With the pointers there is (possibly) more code burden because I have to check every member for NULL before using. The advantage is not that great, however, because usually the embedded version has to be checked too. For example, if I am printing an address, I have to check for a zero-length string and skip that line. With pointers the user can actually indicate they want a "blank" versus a missing value, although it is hard to see a use for this.
When creating or freeing the structure, pointers add a bunch of additional steps. My instinct is to standardize on the embedded style to save these steps, but I am concerned that there might be a hidden gotcha. Is this an unwarranted fear, or should I be using the pointers for some compelling reason?
Note that memory use is an issue, but it is pretty minor. The pointer version takes a little bit more memory because I am storing pointers to the structs in addition to the structs. But each string struct takes maybe 40 bytes on average, so if I am storing 4 byte pointers, then the pointer version costs maybe 10% more memory which is not significant. Having null pointers possible does not save significant memory because most fields are populated.
Question is About ADDRESS not STRING
Some of the respondents seem to be confused and think I am asking about global tradeoffs, like how to minimize my total work. That is not the case. I am asking about how to design ADDRESS, not STRING. The members of address could have fixed arrays, or in other cases not. For the purposes of my question, I am not concerned about are the consequences for the container.

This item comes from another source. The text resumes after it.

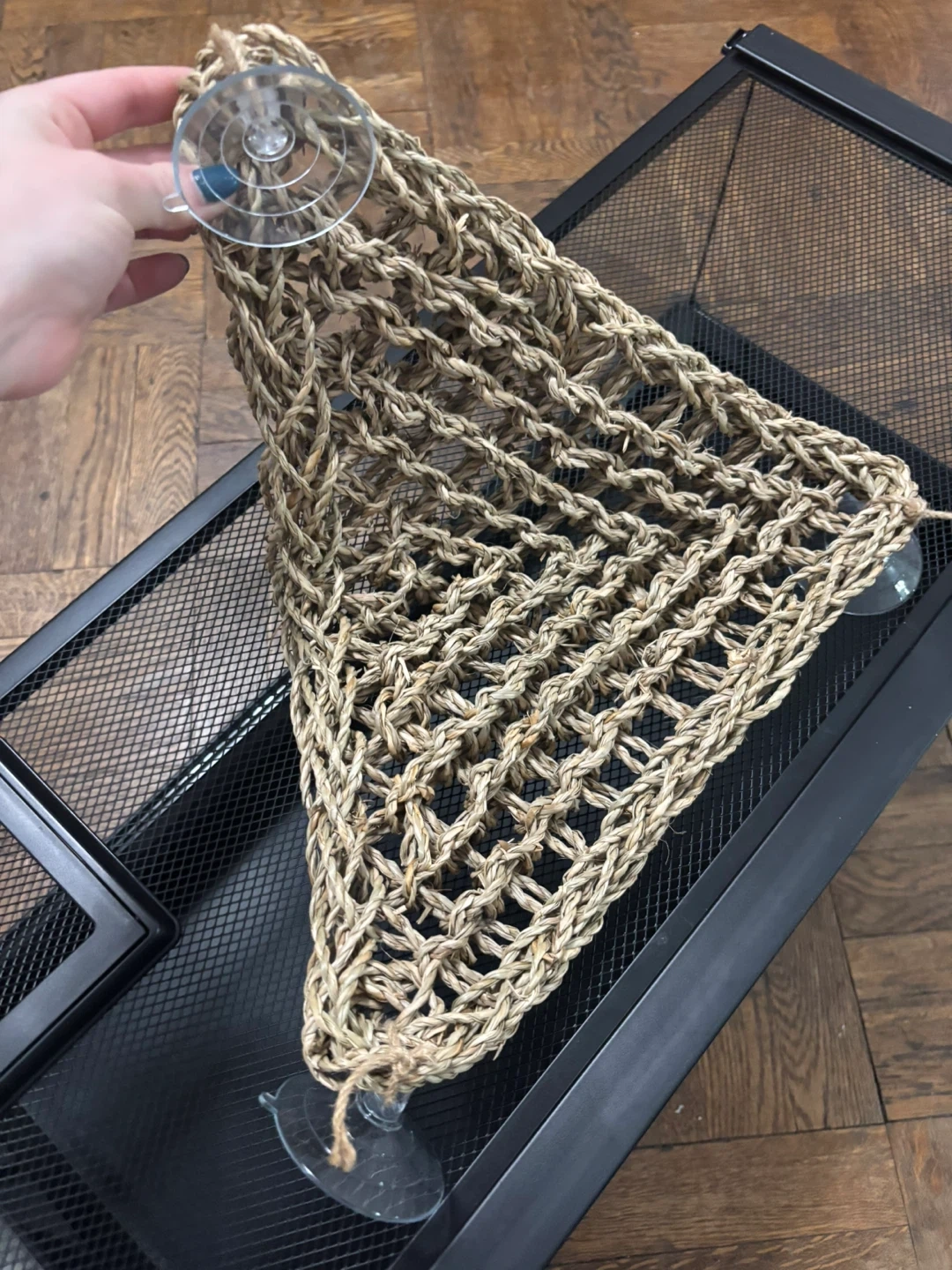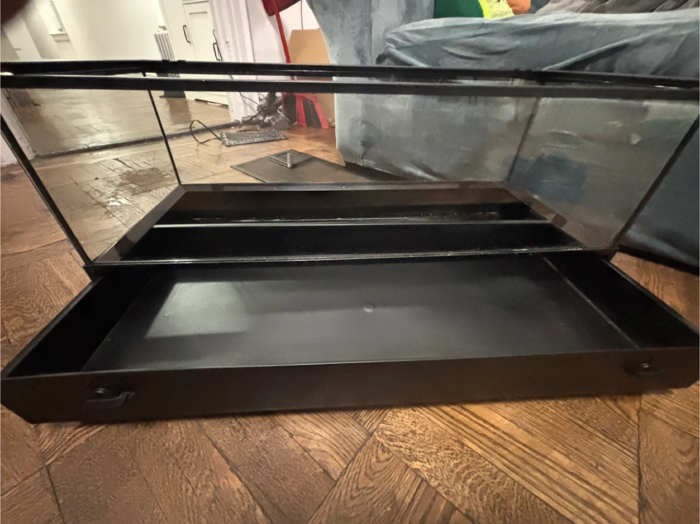 Selling a terrarium enclosure. It's in good condition and ready for a new home for your friend! The enclosure is black and features a mesh top for ventilation and a drawer for easy cleaning. You can use for a hamster, guinea pig, reptile or snake. Also including a small mesh hammock for free.

I have already stated that the only issue I can see is that it costs more time to use pointers, but I get the benefit of being able to store a NULL. However, as I already said, that benefit does not seem to be significant, but maybe it is for some reason. That is the essence of my question: is there some hidden benefit of having this flexibility that I am not seeing and will wish I had later on.
If you don't understand the question, please read the preliminary answer I have written myself below (after some additional thought) to see the kind of answer I am looking for.
Tradeoffs over memory usage and reduction in mallocs
Seems like the tradeoffs center around two questions: 1) How precious is memory? and 2) Does it matter that a fixed amount of memory is allocated for the strings, limiting the lengths to be stored in each field?
If memory is more important than anything else, then the pointer version probably wins. If predictability of storage usage and avoidance of mallocs is preferred, and limiting the length of the names to some fixed amount is acceptabe, then the fixed length version may be the winner.
One problem with the embedded style is that STRING needs to be defined as something like char[MAX_CHAR + 1] where MAX_CHAR is a pessimistic maximum length for the given fields. The pointer style allows one to allocate the correct amount of memory. The downside as you mention is a much higher cognitive overhead managing your struct.
I have been considering this more deeply and I think that in most cases pointers are necessary because it is important to discriminate between blank and missing. The reason for this is that the missing data is needed when an input is invalid or corrupt or left out. For example, let's imagine that when reading from a file, the file is corrupted so a field like zip code is unreadable. In that case the data is "missing" and the pointer should be NULL. On the other hand, let's imagine that the place has no zip code, then it is "blank". So, NULL means that the user has not yet provided information, but blank means the user has provided the information and there is none of the type in question.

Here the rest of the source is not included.